Rust-based kernel isn't drawing anything to the screen

Said kernel is from this repo in src/kernel/core/main.rs

The bit of code that actually draws to the screen is this:

pub extern "C" fn _start(framebuffer_info: FramebufferInfo, memory_map: *const MemoryDescriptor) -> ! {
    let framebuffer = framebuffer_info.base_address as *mut u32;
    let pitch = framebuffer_info.pitch;

    unsafe {
        *framebuffer.offset((4 * pitch * 20 + 4 * 20) as isize) = 0xFFFFFFFF;
        *framebuffer.offset((4 * pitch * 20 + 4 * 21) as isize) = 0xFFFFFFFF;
        *framebuffer.offset((4 * pitch * 20 + 4 * 22) as isize) = 0xFFFFFFFF;
        *framebuffer.offset((4 * pitch * 20 + 4 * 23) as isize) = 0xFFFFFFFF;
        *framebuffer.offset((4 * pitch * 21 + 4 * 20) as isize) = 0xFFFFFFFF;
        *framebuffer.offset((4 * pitch * 22 + 4 * 21) as isize) = 0xFFFFFFFF;
        *framebuffer.offset((4 * pitch * 23 + 4 * 22) as isize) = 0xFFFFFFFF;
        *framebuffer.offset((4 * pitch * 24 + 4 * 23) as isize) = 0xFFFFFFFF;
    }

    loop {}
}

Which is based on the previous C based kernel (in the same repo and directory mentioned earlier)
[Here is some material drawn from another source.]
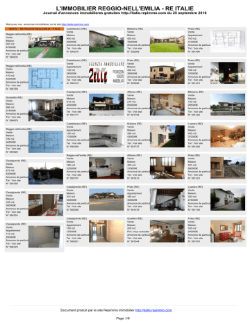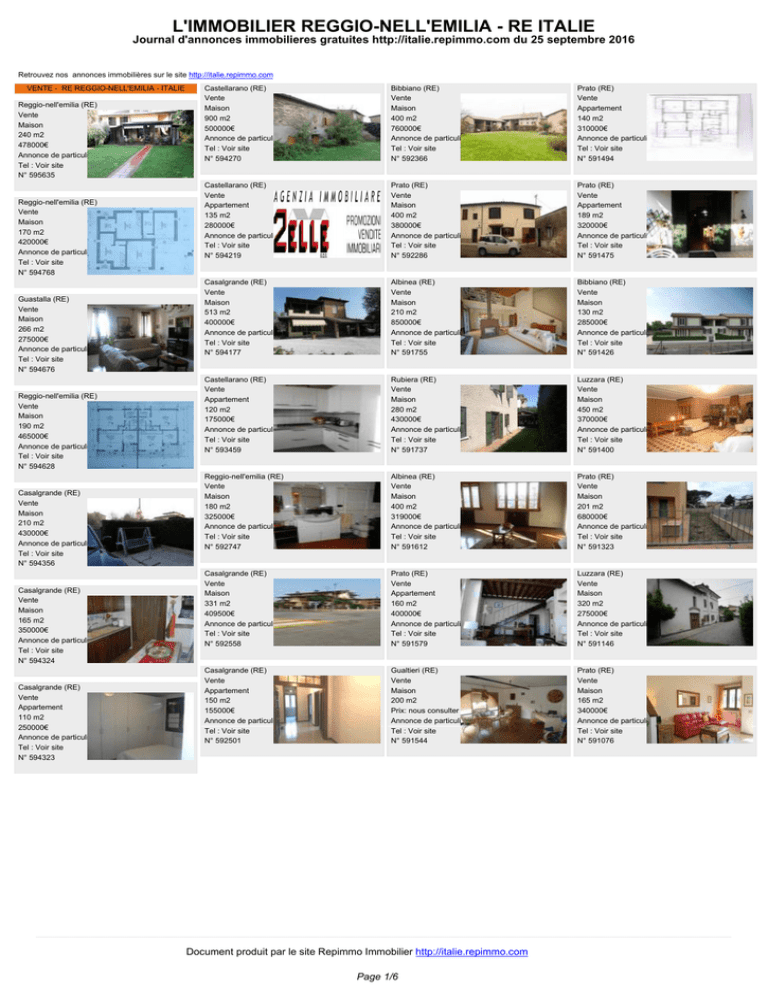 L'IMMOBILIER REGGIO-NELL'EMILIA - RE ITALIE Journal d'annonces immobilieres gratuites http://italie.repimmo.com du 25 septembre 2016 Retrouvez nos annonces immobilières sur le site http://italie.repimmo.com VENTE - RE REGGIO-NELL'EMILIA - ITALIE Reggio-nell'emilia (RE) Vente Maison 240 m2 478000€ Annonce de particulier Tel : Voir site N° 595635 Reggio-nell'emilia (RE) Vente Maison 170 m2 420000€ Annonce de particulier Tel : Voir site N° 594768 Guastalla (RE) Vente Maison 266 m2 275000€ Annonce de particulier Tel : Voir site N° 594676 Reggio-nell'emilia (RE) Vente Maison 190 m2 465000€ Annonce de particulier Tel : Voir site N° 594628 Casalgrande (RE) Vente Maison 210 m2 430000€ Annonce de particulier Tel : Voir site N° 594356 Casalgrande (RE) Vente Maison 165 m2 350000€ Annonce de particulier Tel : Voir site N° 594324 Casalgrande (RE) Vente Appartement 110 m2 250000€ Annonce de particulier Tel : Voir site N° 594323 Castellarano (RE) Vente Maison 900 m2 500000€ Annonce de particulier Tel : Voir site N° 594270 Bibbiano (RE) Vente Maison 400 m2 760000€ Annonce de particulier Tel : Voir site N° 592366 Prato (RE) Vente Appartement 140 m2 310000€ Annonce de particulier Tel : Voir site N° 591494 Castellarano (RE) Vente Appartement 135 m2 280000€ Annonce de particulier Tel : Voir site N° 594219 Prato (RE) Vente Maison 400 m2 380000€ Annonce de particulier Tel : Voir site N° 592286 Prato (RE) Vente Appartement 189 m2 320000€ Annonce de particulier Tel : Voir site N° 591475 Casalgrande (RE) Vente Maison 513 m2 400000€ Annonce de particulier Tel : Voir site N° 594177 Albinea (RE) Vente Maison 210 m2 850000€ Annonce de particulier Tel : Voir site N° 591755 Bibbiano (RE) Vente Maison 130 m2 285000€ Annonce de particulier Tel : Voir site N° 591426 Castellarano (RE) Vente Appartement 120 m2 175000€ Annonce de particulier Tel : Voir site N° 593459 Rubiera (RE) Vente Maison 280 m2 430000€ Annonce de particulier Tel : Voir site N° 591737 Luzzara (RE) Vente Maison 450 m2 370000€ Annonce de particulier Tel : Voir site N° 591400 Reggio-nell'emilia (RE) Vente Maison 180 m2 325000€ Annonce de particulier Tel : Voir site N° 592747 Albinea (RE) Vente Maison 400 m2 319000€ Annonce de particulier Tel : Voir site N° 591612 Prato (RE) Vente Maison 201 m2 680000€ Annonce de particulier Tel : Voir site N° 591323 Casalgrande (RE) Vente Maison 331 m2 409500€ Annonce de particulier Tel : Voir site N° 592558 Prato (RE) Vente Appartement 160 m2 400000€ Annonce de particulier Tel : Voir site N° 591579 Luzzara (RE) Vente Maison 320 m2 275000€ Annonce de particulier Tel : Voir site N° 591146 Casalgrande (RE) Vente Appartement 150 m2 155000€ Annonce de particulier Tel : Voir site N° 592501 Gualtieri (RE) Vente Maison 200 m2 Prix: nous consulter Annonce de particulier Tel : Voir site N° 591544 Prato (RE) Vente Maison 165 m2 340000€ Annonce de particulier Tel : Voir site N° 591076 Document produit par le site Repimmo Immobilier http://italie.repimmo.com Page 1/6 L'IMMOBILIER REGGIO-NELL'EMILIA - RE ITALIE Journal d'annonces immobilieres gratuites http://italie.repimmo.com du 25 septembre 2016 Quattro-castella (RE) Vente Appartement 122 m2 259000€ Annonce de particulier Tel : Voir site N° 590821 Reggio-nell'emilia (RE) Vente Maison 130 m2 300000€ Annonce de particulier Tel : Voir site N° 587424 Reggio-nell'emilia (RE) Vente Maison 250 m2 520000€ Annonce de particulier Tel : Voir site N° 585302 Brescello (RE) Vente Maison 200 m2 295000€ Annonce de particulier Tel : Voir site N° 582090 Luzzara (RE) Vente Maison 300 m2 250000€ Annonce de particulier Tel : Voir site N° 590644 Reggio-nell'emilia (RE) Vente Maison 240 m2 255000€ Annonce de particulier Tel : Voir site N° 587252 Cadelbosco-di-sopra (RE) Vente Maison 300 m2 Prix: nous consulter Annonce de particulier Tel : Voir site N° 585187 Brescello (RE) Vente Maison 330 m2 260000€ Annonce de particulier Tel : Voir site N° 581600 Albinea (RE) Vente Appartement 188 m2 370000€ Annonce de particulier Tel : Voir site N° 589746 Prato (RE) Vente Appartement 100 m2 260000€ Annonce de particulier Tel : Voir site N° 587210 Reggio-nell'emilia (RE) Vente Maison 200 m2 540000€ Annonce de particulier Tel : Voir site N° 585027 Villa-minozzo (RE) Vente Maison 200 m2 260000€ Annonce de particulier Tel : Voir site N° 581565 Albinea (RE) Vente Maison 315 m2 290000€ Annonce de particulier Tel : Voir site N° 589589 Albinea (RE) Vente Maison 470 m2 675000€ Annonce de particulier Tel : Voir site N° 587088 Prato (RE) Vente Appartement 100 m2 280000€ Annonce de particulier Tel : Voir site N° 584793 Vezzano-sul-crostolo (RE) Vente Maison 200 m2 280000€ Annonce de particulier Tel : Voir site N° 581344 Guastalla (RE) Vente Maison 260 m2 250000€ Annonce de particulier Tel : Voir site N° 588888 Prato (RE) Vente Maison 143 m2 340000€ Annonce de particulier Tel : Voir site N° 586917 Albinea (RE) Vente Maison 109 m2 290000€ Annonce de particulier Tel : Voir site N° 584266 Rubiera (RE) Vente Maison 190 m2 250000€ Annonce de particulier Tel : Voir site N° 581244 Guastalla (RE) Vente Maison 250 m2 295000€ Annonce de particulier Tel : Voir site N° 588869 Prato (RE) Vente Maison 330 m2 750000€ Annonce de particulier Tel : Voir site N° 586313 Prato (RE) Vente Maison 110 m2 280000€ Annonce de particulier Tel : Voir site N° 583398 Casalgrande (RE) Vente Appartement 168 m2 300000€ Annonce de particulier Tel : Voir site N° 581123 Albinea (RE) Vente Maison 254 m2 345000€ Annonce de particulier Tel : Voir site N° 587812 Prato (RE) Vente Maison 120 m2 280000€ Annonce de particulier Tel : Voir site N° 585620 Scandiano (RE) Vente Maison 160 m2 345000€ Annonce de particulier Tel : Voir site N° 582440 Casalgrande (RE) Vente Maison 314 m2 270000€ Annonce de particulier Tel : Voir site N° 581069 Document produit par le site Repimmo Immobilier http://italie.repimmo.com Page 2

int k_main(framebuffer_info_s framebuffer, memory_descriptor_s* memory_map)
{
    framebuf = framebuffer;
    memMap = memory_map;

    *((uint32_t*)(framebuf.base_address + 4 * framebuf.pitch * 20 + 4 * 20)) = 0xFFFFFFFF;
    *((uint32_t*)(framebuf.base_address + 4 * framebuf.pitch * 20 + 4 * 21)) = 0xFFFFFFFF;
    *((uint32_t*)(framebuf.base_address + 4 * framebuf.pitch * 20 + 4 * 22)) = 0xFFFFFFFF;
    *((uint32_t*)(framebuf.base_address + 4 * framebuf.pitch * 20 + 4 * 23)) = 0xFFFFFFFF;
    *((uint32_t*)(framebuf.base_address + 4 * framebuf.pitch * 21 + 4 * 20)) = 0xFFFFFFFF;
    *((uint32_t*)(framebuf.base_address + 4 * framebuf.pitch * 22 + 4 * 21)) = 0xFFFFFFFF;
    *((uint32_t*)(framebuf.base_address + 4 * framebuf.pitch * 23 + 4 * 22)) = 0xFFFFFFFF;
    *((uint32_t*)(framebuf.base_address + 4 * framebuf.pitch * 24 + 4 * 23)) = 0xFFFFFFFF;

    while(true) {}
}

Which does work.

What is it about the Rust code that causes the same operation to not work?
I have genuinely no idea. Is it a toolchain problem? (I've had quite a few of those, so I wouldn't be surprised.) Is it me being an idiot and not understanding how to translate the operation in C into Rust syntax?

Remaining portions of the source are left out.